Anti-trust legislation, regulation in the tech and social media space is Thanos. It’s inevitable. It became mainstream in 2016, but it’s been a battle for years now. We’re finally at a point where the implications of data abuse are more visible and recognizable. And people are mobilizing.
As with most regulation, the EU took the first step. The GDPR is that first step and will be used as the measuring stick, and the framework, for data regulation and putting the consumer back in the driver seat when it comes to privacy.
But what type will this legislation take? And how willing will these digital behemoths be to follow these possible regulations?
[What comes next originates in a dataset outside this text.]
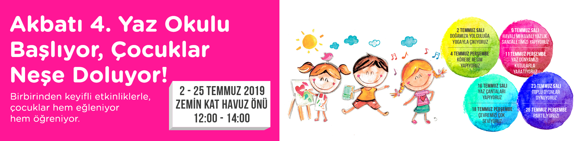 Bu yıl 2-25 Temmuz tarihleri arasında dördüncüsü düzenlenen Akbatı Yaz Okulu çocuklara birbirinden yaratıcı ve keyifli atölyeler ile etkinliklerle dolu bir yaz vadediyor. Birbirinden yaratıcı etkinliklerin yanı sıra yoga ve spor etkinlikleri ile çocuklara yepyeni deneyimler yaşayacak.

Do they care?
At [B]RIGHT we want to be good stewards of a brand’s intellectual property, and that includes its audience data.
Key takeaway:
Brands that double down on curating and owning their own primary data will be better equipped to control their own (audience) destiny.
We won’t buy data from third-party vendors to activate against. We won’t use purchased lists to create interruptions where we are presently not invited. We won’t opt in on behalf of a consumer who isn’t willing to opt in themselves.
We call this consent-based data activation. And we’re taking a hard-line approach for this opt-in messaging. We believe in doing the right thing and being conscious and mindful about the implications of using data that doesn’t belong to you (re: brand). We want to be part of the solution, not part of the problem.
Much like how CSR ushered in a more visible approach to sustainable and ethical business practices, consent-based data usage is not only the right thing to do, but it’s also a way for your brand to future-proof your data strategy.
Brands that double down on curating and owning primary data will be better equipped to control their own (audience) destiny. These brands will be able to activate based on a higher-intent consumer who’s more susceptible to impressions and more prone to building affinity.
The proliferation of cross-channel data has allowed brands to personalize their brand expression on a scale hitherto undreamt of.*
* That’s right. I just Dr. Strange’d the heck out of this closing paragraph.
And that is important because it makes your brand, and its marketing, more precise, and it teaches you to waste less (in marketing and advertising $s) and aim for higher conversions (because you’re building a brand around the relevance to, and resonances with, your actual customers).
Marketers have depended for years on (ever-evolving) character sketches or archetypes of these generations to try to understand how to effectively market to them.